Inverawe Smokehouses, Scotland’s leading smokery, has supplied Taste with this delicious recipe ideal for all the family to enjoy during the autumn.

25g butter
1 small onion, very finely chopped
450g par-smoked salmon
150ml dry white wine
A good squeeze of fresh lemon juice
3 tbsp chopped fresh parsley
350g cooked floury potatoes, mashed
3-4 tbsp flour
2 eggs, beaten
125g fresh or dried natural breadcrumbs, for coating
Vegetable oil, for deep-frying
Salt and freshly ground black pepper

Melt the butter in a frying pan then add the onion and cook for 2 minutes. Lay in the par-smoked salmon, skin side uppermost, and pour over the wine.

Bring to the boil, turn down the heat, cover and simmer for about 6-8 minutes or until the fish is just cooked.

Lift the salmon out on to a plate, add a squeeze of lemon to the pan juices then boil hard for about 2 minutes until reduced to 2 tablespoons.

Skin and flake the salmon then stir in the parsley and plenty of seasoning. Beat the reduced pan juices into the mashed potato, then mix into the fish, only mixing until the mixture starts to bind together.

Divide the mixture into 12 and roll into balls. Lightly press each ball to flatten it and shape into fishcakes.

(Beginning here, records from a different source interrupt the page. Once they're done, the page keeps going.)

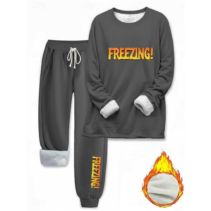 Why Choose Women's Elegant snug Fashion Two Piece Sets Tracksuit Pants Sets Long Sleeve Crew Neck Letter Print Outdoor Vacation Casual Black Pink Dark Pink Spring Regular Fit?
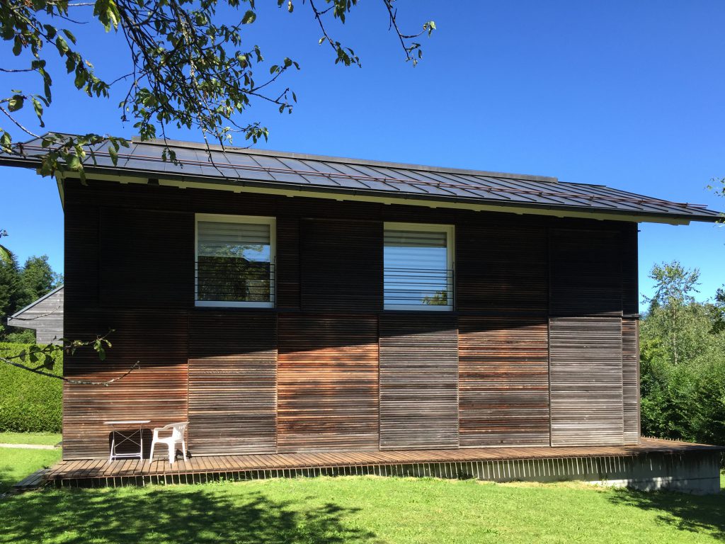 En vingt-cinq ans, le parcellaire des prés s’est densifié, enfermant le bel objet dans une anonyme barrière de bois imputrescible et de thuyas. Tout autour, ce qui avait été un versant agricole est aujourd’hui occupé par des immeubles de rapport dont la présence massive domine la fragile maison. Si les proportions et la matérialité n’ont rien perdu de leur caractère, le rapport au paysage a été profondément remanié, rendant plus difficilement lisibles les intentions conceptuelles d’origine. Il en va parfois ainsi de la marche du temps vis-à-vis du domaine de l’environnement bâti.
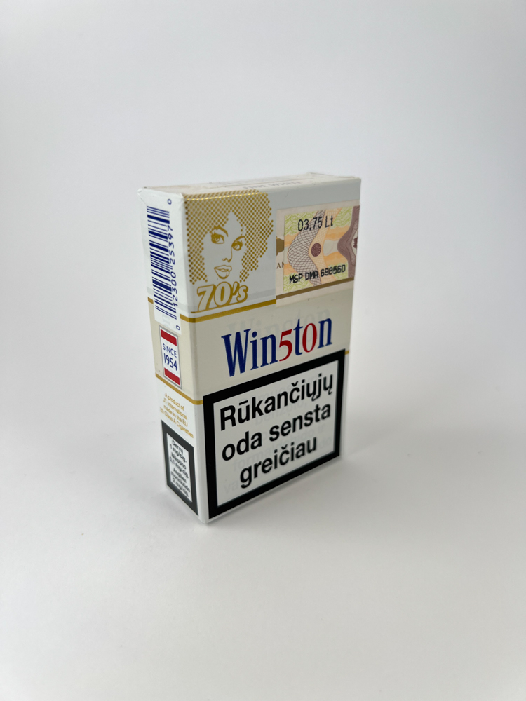 Description: Šis Winston cigarečių leidimas – „Disco fever 70’s“ – priklauso specialiai riboto leidimo serijai, skirtai 1970-ųjų disco kultūros tematikai. Pakelis dekoruotas stilizuota moters veido iliustracija ir auksinės spalvos fonu, pabrėžiančiu nostalgišką dizainą. Išlikęs senas lietuviškas akcizo lipdukas su kaina litais (3,75 Lt) leidžia tiksliai nustatyti pakelio kilmės šalį ir laikotarpį. Įspėjimai apie rūkymo žalą pateikti lietuvių kalba. Pakelis nepažeistas, užplombuotas.
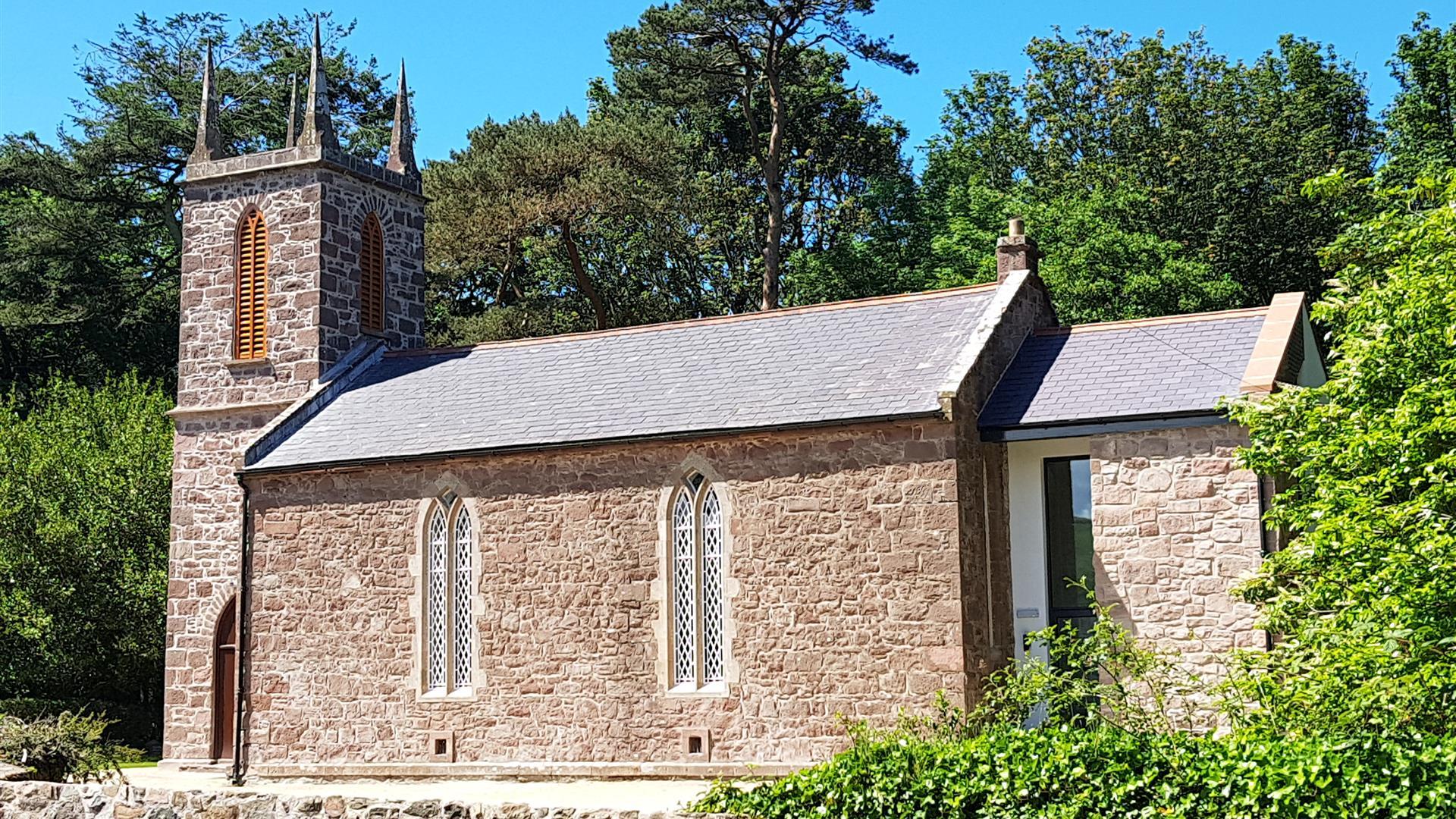 The Old Church is a lovely example of ecclesiastic rural architecture. The interior is plain and unadorned. It is built in locally quarried red sandstone and hosts a distinctive bell tower crowned by tapering corner pinnacles. The interior is plain and unadorned with six clear glass lancet windows, the east, stained glass window bears the coat of arms of the O’Neill’s. The sympathetic restoration of the Church ensured that the original character of the building was maintained, and the new extension required to provide 21st Century conveniences was added in a manner that ensured the integrity of the original structure.
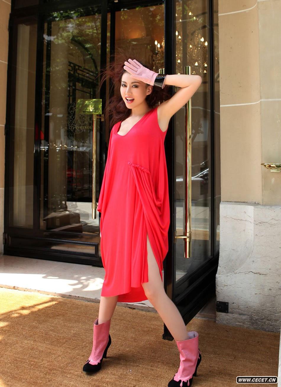 巩新亮法国拍摄写真 曲线玲珑红衣诱人
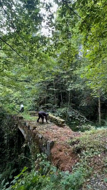 Hemşin‘de ressam Serdar Abay ve ortaokul öğrencisi kızı Behice Betül Abay, tatile geldikleri köylerinde ırmak üzerinde yaklaşık 150 yıl önce inşa edilip, yıllar içinde otlar, çimler ve sarmaşıklarla kaplanan taş kemer köprüde temizlik yaptı.
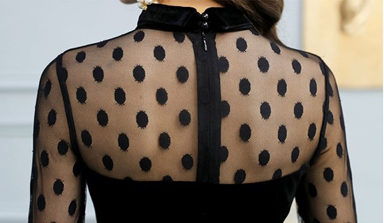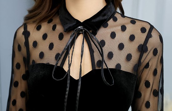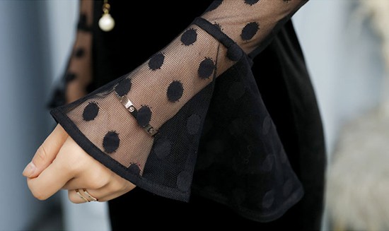 袖の透け感がセクシーなホーンスリーブのベルベットワンピース。

Dip each one in flour, then egg and then crumbs to coat really well – if necessary coat them twice.

The fish cakes can be frozen at this stage to cook at a later date.

To cook, either pan-fry in hot oil for 2 minutes on each side, or for complete perfection, fry them in batches in a deep fat fryer at 180C to give them an even colour.

They will take about 5 minutes, then drain well on kitchen paper and serve with Hollandaise sauce.